[Records from a data collection]
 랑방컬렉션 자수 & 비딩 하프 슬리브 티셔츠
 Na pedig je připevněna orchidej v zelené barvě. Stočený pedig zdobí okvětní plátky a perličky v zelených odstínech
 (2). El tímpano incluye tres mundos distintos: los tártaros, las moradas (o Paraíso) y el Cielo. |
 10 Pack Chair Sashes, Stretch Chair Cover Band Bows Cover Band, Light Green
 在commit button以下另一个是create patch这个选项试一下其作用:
==
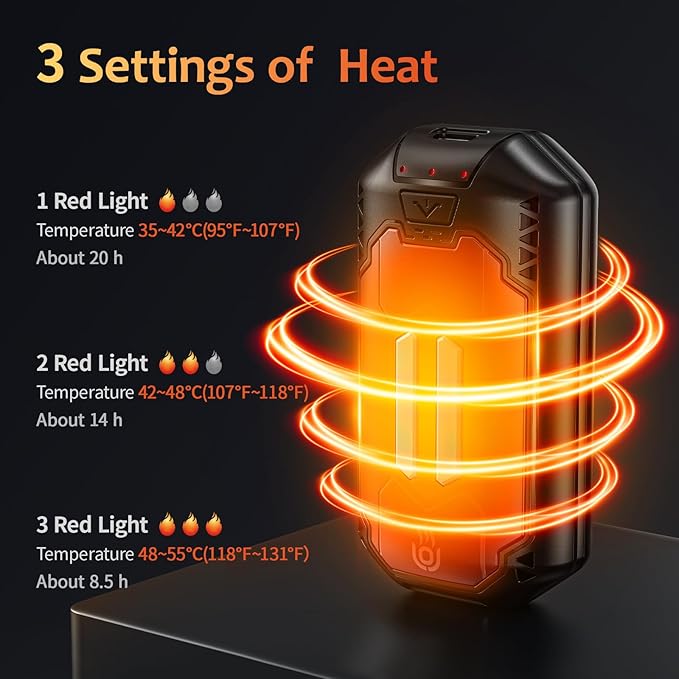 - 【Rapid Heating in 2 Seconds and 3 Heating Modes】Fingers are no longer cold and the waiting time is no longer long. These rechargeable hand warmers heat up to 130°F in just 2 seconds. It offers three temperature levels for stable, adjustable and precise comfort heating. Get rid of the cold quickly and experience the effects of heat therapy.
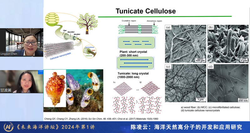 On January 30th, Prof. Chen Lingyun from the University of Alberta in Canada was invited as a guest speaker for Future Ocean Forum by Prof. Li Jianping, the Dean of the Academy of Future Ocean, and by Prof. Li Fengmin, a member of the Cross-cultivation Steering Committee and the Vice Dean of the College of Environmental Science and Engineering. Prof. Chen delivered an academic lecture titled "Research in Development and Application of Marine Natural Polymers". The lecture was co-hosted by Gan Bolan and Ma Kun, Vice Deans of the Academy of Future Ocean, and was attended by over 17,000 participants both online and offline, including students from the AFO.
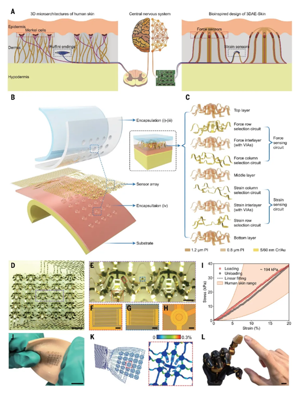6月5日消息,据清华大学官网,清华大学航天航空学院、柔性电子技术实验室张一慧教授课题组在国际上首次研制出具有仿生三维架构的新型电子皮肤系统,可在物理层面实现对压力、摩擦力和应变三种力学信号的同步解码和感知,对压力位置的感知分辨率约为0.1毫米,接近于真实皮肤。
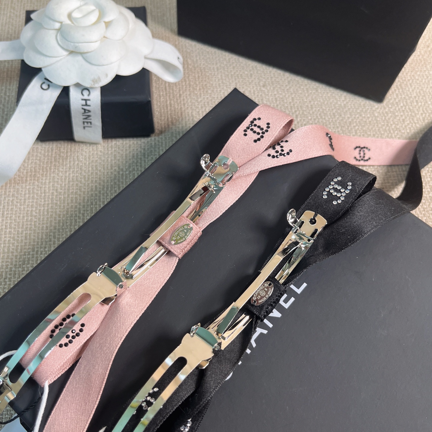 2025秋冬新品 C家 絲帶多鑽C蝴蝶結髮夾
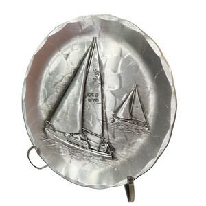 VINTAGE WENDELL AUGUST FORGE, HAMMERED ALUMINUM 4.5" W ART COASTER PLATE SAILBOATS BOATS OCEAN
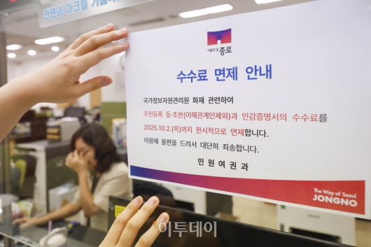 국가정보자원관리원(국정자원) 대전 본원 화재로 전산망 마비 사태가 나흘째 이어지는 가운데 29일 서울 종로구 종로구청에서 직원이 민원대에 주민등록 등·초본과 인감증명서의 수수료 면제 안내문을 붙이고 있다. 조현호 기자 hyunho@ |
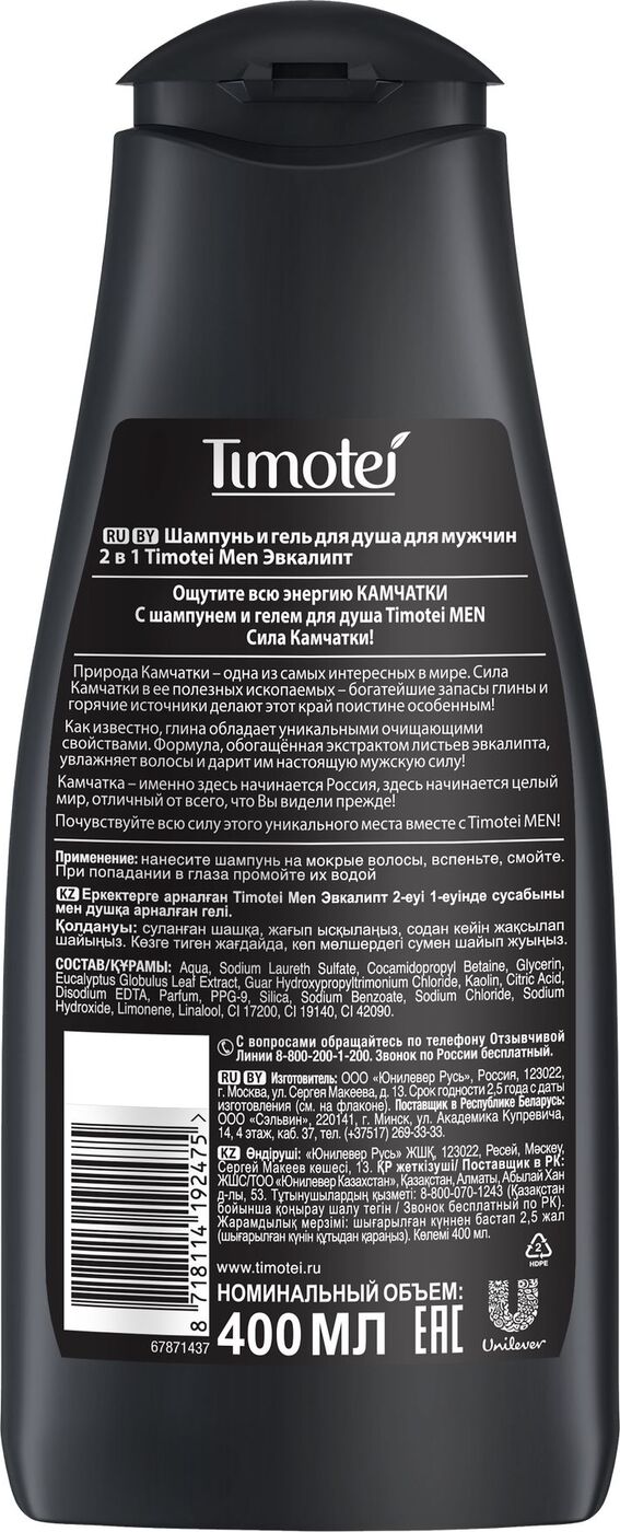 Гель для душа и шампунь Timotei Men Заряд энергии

* [Requirement] All that should be written out is the stretch of lines above between the one holding "랑방컬렉션 자수 & 비딩 하프 슬리브 티셔츠" and the one holding "(2). El tímpano", inclusive, exactly as given.

* [Problem solution]
 랑방컬렉션 자수 & 비딩 하프 슬리브 티셔츠
 Na pedig je připevněna orchidej v zelené barvě. Stočený pedig zdobí okvětní plátky a perličky v zelených odstínech
 (2). El tímpano incluye tres mundos distintos: los tártaros, las moradas (o Paraíso) y el Cielo. |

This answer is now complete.